Thinking about Distributed Systems

Abstract: Talk about some theories and ideas of distributed systems, including CAP, BASE, NWR, etc. And briefly analyze the pros and cons of some mainstream database distributed solutions, so that we can think, choose and design more deeply and comprehensively during development.

Summary

Talk about some theories and ideas of distributed systems, including CAP, BASE, NWR , etc. And briefly analyze the pros and cons of some mainstream database distributed solutions, so that we can think, choose and design more deeply and comprehensively during development.

text

Before discussing common architectures, let's briefly understand the CAP theory:

CAP is an acronym for Consistency, Availablity, and Partition-tolerance. respectively refer to:

  1. Consistency: Each read operation can ensure that the latest data is returned;
  2. Availability: Any node that does not fail will return a normal result within a reasonable time;
  3. Partition-tolerance: When a network partition occurs between nodes, services can still be provided.

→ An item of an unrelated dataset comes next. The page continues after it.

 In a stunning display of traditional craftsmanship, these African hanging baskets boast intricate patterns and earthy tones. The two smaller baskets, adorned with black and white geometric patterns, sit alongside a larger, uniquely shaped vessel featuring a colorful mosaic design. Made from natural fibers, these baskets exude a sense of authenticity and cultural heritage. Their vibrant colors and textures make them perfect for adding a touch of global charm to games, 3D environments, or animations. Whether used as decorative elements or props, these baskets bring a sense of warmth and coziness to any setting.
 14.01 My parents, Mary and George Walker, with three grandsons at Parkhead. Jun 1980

CAP theory points out: CAP can only take two of the three, not both. In fact, this is easy to understand:

  • First of all, a stand-alone system can only guarantee CP.
  • With two or more nodes, when a network partition occurs, the two nodes in the cluster cannot communicate with each other. At this time, if the data consistency C is guaranteed, then there must be a node marked as unavailable, which violates the requirement of availability A and can only guarantee CP.
  • On the contrary, if the availability A is guaranteed, that is, the two nodes can continue to process requests separately, then the data cannot be synchronized due to the network failure, which will inevitably lead to data inconsistency, and only the AP can be guaranteed.

case

A single instance

Obviously, a single-machine system can only guarantee CP, at the expense of availability A. The stand-alone version of MySQL, Redis, MongoDB and other databases are all in this mode.

single

In practice, we need a system with high availability that can continue to provide services even after some machines fail.

Two, multiple copies

multi

Compared with the single instance, there is one more node to back up the data.

For read operations, availability is improved because either of the two nodes can be accessed.

For write operations, there are three cases according to the update strategy:

  1. Synchronous update: that is, the write operation needs to wait for both nodes to be updated successfully before returning. In this way, in the event of a network partition failure, write operations are unavailable at the expense of A.
  2. Asynchronous update: That is, the write operation returns directly without waiting for the node to update successfully, and the node updates the data asynchronously.
    In this way, C is sacrificed to guarantee A. That is, there is no guarantee whether the data is updated successfully, and there may be data inconsistencies due to network failures and other reasons.
  3. Compromise: Return after updating some nodes successfully.
    Here, first introduce the following Dynamo system's strategy for controlling the consistency level in distributed storage system - NWR :

    • N: the number of copies of the same data
    • W: The number of replicas required to ensure a successful write operation
    • R: The number of replicas that need to be read for read operations

    When W+R>N, since the replica sets covered by the read and write operations will definitely have intersections, the read operations only need to compare the modification time or version number of the replica set data to select the latest one, so the system is strongly consistent;
    Conversely, when W+R<=N is weakly consistent.

    For example: (N,W,R)=(1,1,1) is a stand-alone system, which is strongly consistent; (N,W,R)=(2,1,1) is a common master-slave mode, is weakly consistent.

nwr

Example:

  • For example, a compromise solution like Cassandra QUORUMreturns as long as more than half of the nodes are updated successfully, and returns a consistent value for most replicas when reading. Then, for inconsistent copies, it can be resolved by read repair.

    read repair: When reading a piece of data, query this piece of data in all replicas, compare whether the data is consistent with the latest data of most replicas, and if not, perform consistency restoration.

    Among them, W+R>N, so it is strongly consistent.

  • Another example is the master-slave mode of Redis. Once the update is successful, a node returns, and other nodes back up data asynchronously. This approach only guarantees eventual consistency.

    最终一致性: Compared with the strong consistency of data that is consistent at all times, eventual consistency allows data to be inconsistent for a certain period of time. But over time, the data will eventually reach a consistent state.

    Among them, W+R<N, so only eventual consistency can be guaranteed.

    In addition, the larger N, the better the data reliability. However, since the larger W or R is, the larger the write or read overhead is, and the worse the performance is. Therefore, it is generally necessary to comprehensively consider consistency, availability, and read and write performance, and set both W and R to be N/2 + 1.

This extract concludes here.